Анастас Подпрокопьевич вопросительно, но по-прежнему – безмолвно, уставился на меня. Пару раз нервно дернулся поршень его кадыка. Воодушевленный его смятением, я продолжил:

– Дешевый человек – как дешевый товар: лишь имитирует свою полезность.

– Но-но! – запротестовал Анастас Подпрокопьевич. – Не тебе о моей полезности рассуждать. Если бы не я… не мы… не я с Айфонасием Прокопьевичем, то… то… Но-но!

Тут он перестал спотыкаться через слово и затих окончательно.

– Я понимаю, что есть люди, способные двигать науку вперед, и люди, способные, даже призванные, такими людьми руководить. – Зам встретил мои слова одобрительным кивком: мол, сам же все прекрасно понимаешь. – Мы вам мешаем нами руководить?
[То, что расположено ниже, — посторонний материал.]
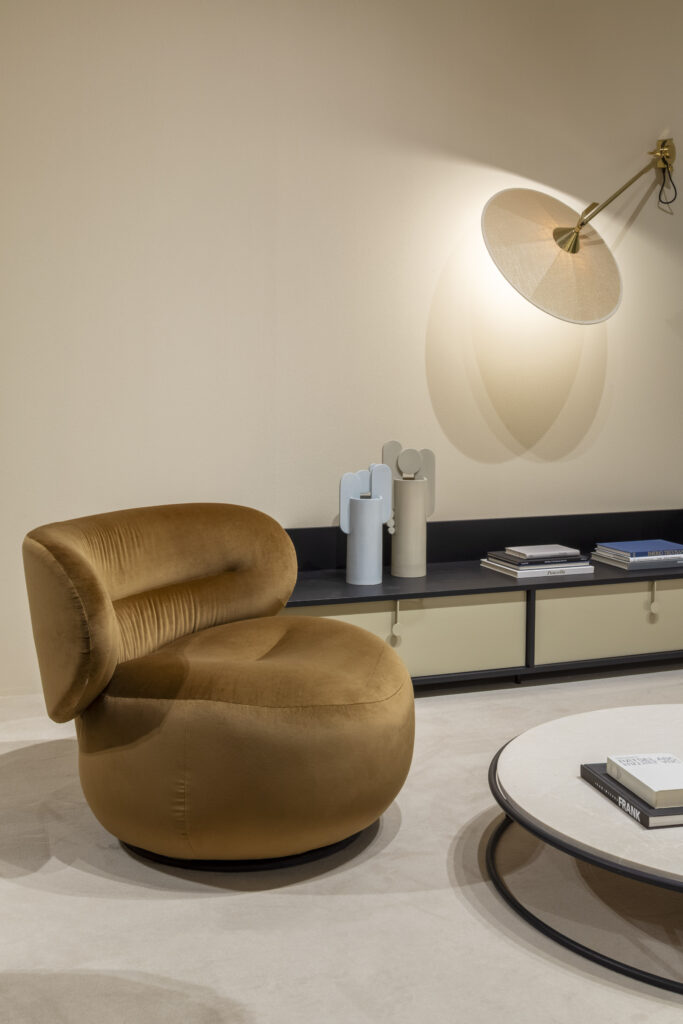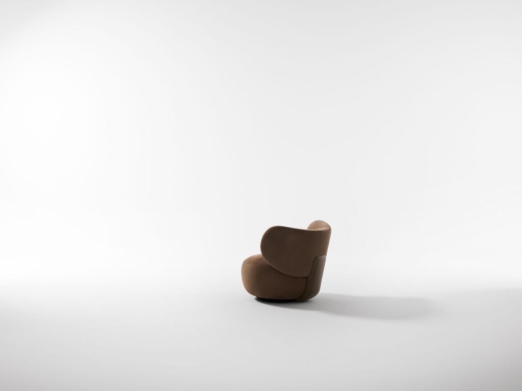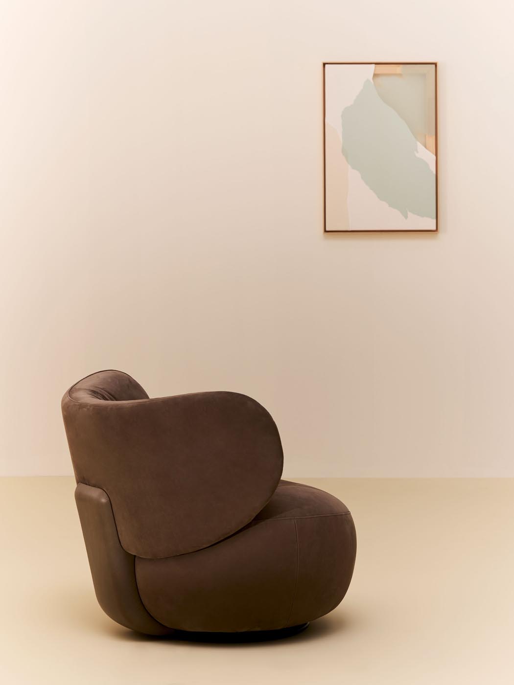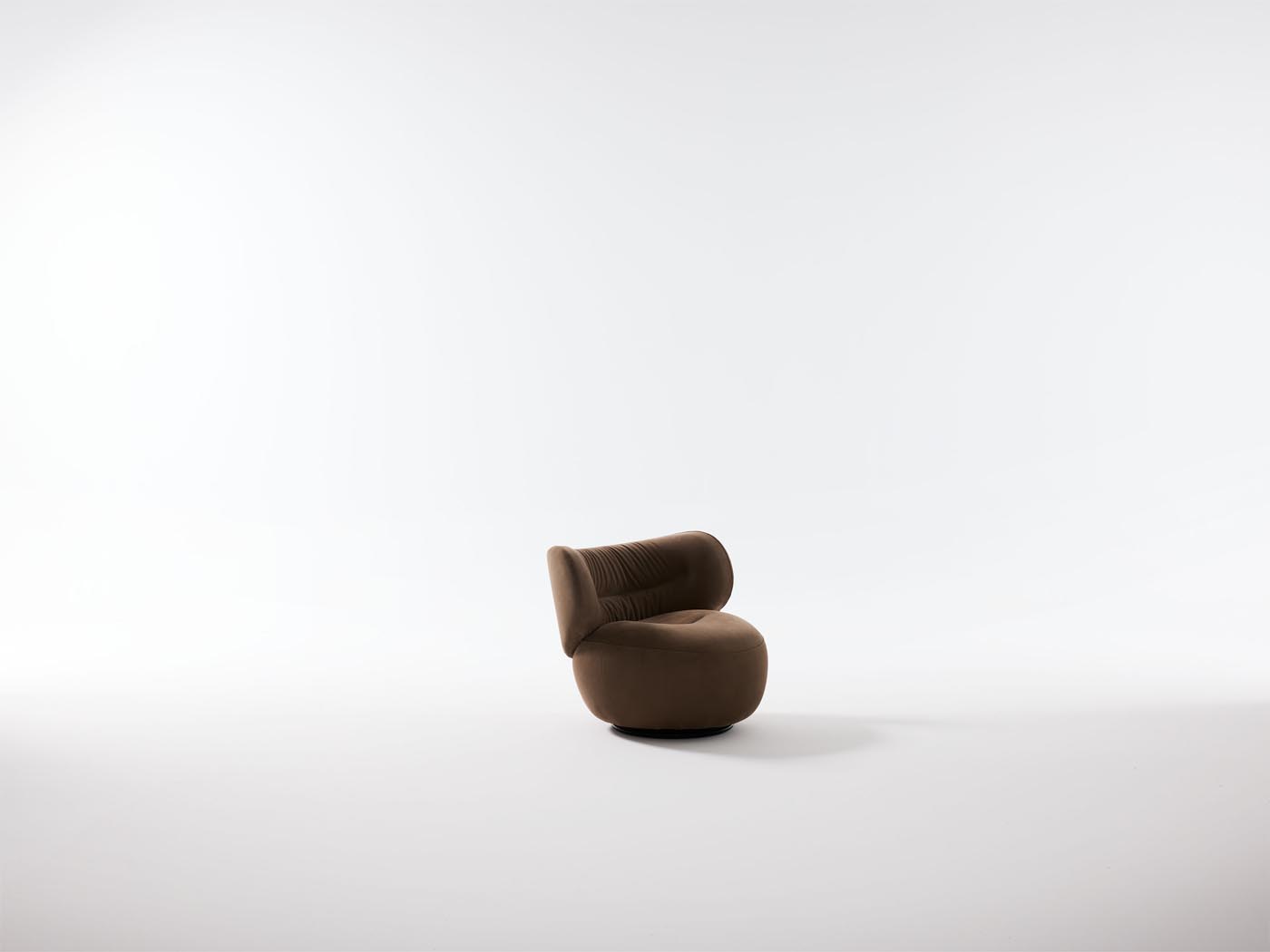 The organic design of the Amelie upholstered armchair, created by the Spanish designers Yonoh Studio, finds its expression in sinuous, rounded forms. Its distinctive feature is the gently reclined backrest, which offers reassuring, comfortable, enveloping support, while simultaneously redefining the concept of pure relaxation: free, without formalities. Soft and welcoming, the armchair moves imperceptibly, following and sustaining the backrest with its rounded lines. Also featuring a swivel base, Amelie is available in all the fabrics and leathers of the collection

Вопрос явно застал Анастаса Подпрокопьевича врасплох.

– Ну, а что? – невпопад забормотал он. – А как?.. Что-то не так?

– Всё не так, – разъяснил я свое видение ситуации. – Всё. Начиная с того, что мы и чихнуть не можем без того, чтобы это не стало предметом разбирательств с вашей и шефа стороны.

– Федор, из обычного чиха случаются охи.

– У нас разве диктатура?

– В государстве, может, и не диктатура. А в отделе – определенно.

– Я не вижу здесь диктатуры. Я вижу глупость. А еще – подлость.

– Это серьезное заявление… – Зам побледнел. – Что еще за подлость такую ты тут обнаружил?

– А вашу способность стрелять в спину, дражайший Анастас Подпрокопьевич…

– Стрелять в спину постыдно, но безопасно. Я выбираю безопасную стрельбу.

Я заскучал. Зам же вдруг заморгал и громогласно высморкался.

– У вас насморк?

– Нет! – Анастас Подпрокопьевич резко выпрямился. – Ты же знаешь: люди не болеют.

– Знаю… – подтвердил я. – Но не верю.

– Это как же?

Я неопределенно пожал плечами. Раздался гул голосов и шум шаркающих шагов: от окон отхлынула волна сотрудников отдела. За те несколько секунд, что я отвлекся на них, Анастас Подпрокопьевич ретировался.

– Так часто бывает: человек родился и умер скотиной, и собственно человек вроде как и не жил, – заметил я в спину быстро удаляющемуся заму.

Ссора – это событие, после которого два человека расстаются с новым чувством уверенности в своей непогрешимости и новым пятном на своей репутации. Именно чувство непогрешимости переполняло меня: я был готов подписаться под каждым своим словом. Однако за некоторые свои слова и мысли мне было почему-то неудобно, поэтому наряду с неким подобием триумфа я ощущал и недовольство собой. Вероятно, дело было в том, что в разговоре с замом я формулировал свои мысли не столь элегантно, как следовало и как хотелось бы. Да и резкость моих оценок открыла меня не с самой приглядной стороны. Открыла для меня самого. Я познал, что способен унизить другого человека. И нахожу в этом определенное удовольствие.